__Instructions to follow__: For the records below, copy exactly the span that begins at the line containing "Экспериментальный углеродный фонд" and stops after the line containing "Now click on", minus any pictures.

__Input records__:

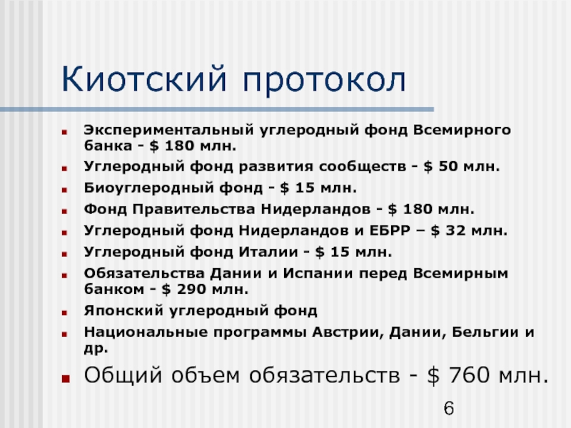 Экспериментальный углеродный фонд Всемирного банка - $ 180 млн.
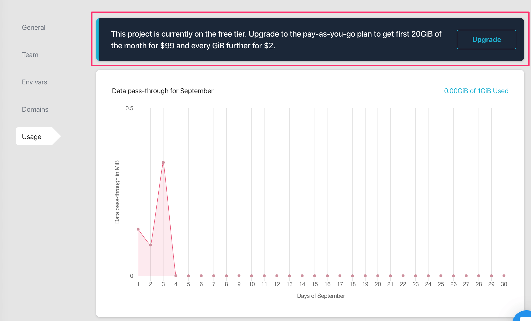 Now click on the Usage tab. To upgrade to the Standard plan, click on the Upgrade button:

...

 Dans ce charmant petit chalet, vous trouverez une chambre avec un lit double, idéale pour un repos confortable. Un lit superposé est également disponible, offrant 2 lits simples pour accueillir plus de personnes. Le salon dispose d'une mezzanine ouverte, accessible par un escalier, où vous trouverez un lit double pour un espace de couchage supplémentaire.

__Written solution__:
 Экспериментальный углеродный фонд Всемирного банка - $ 180 млн.
 Now click on the Usage tab. To upgrade to the Standard plan, click on the Upgrade button:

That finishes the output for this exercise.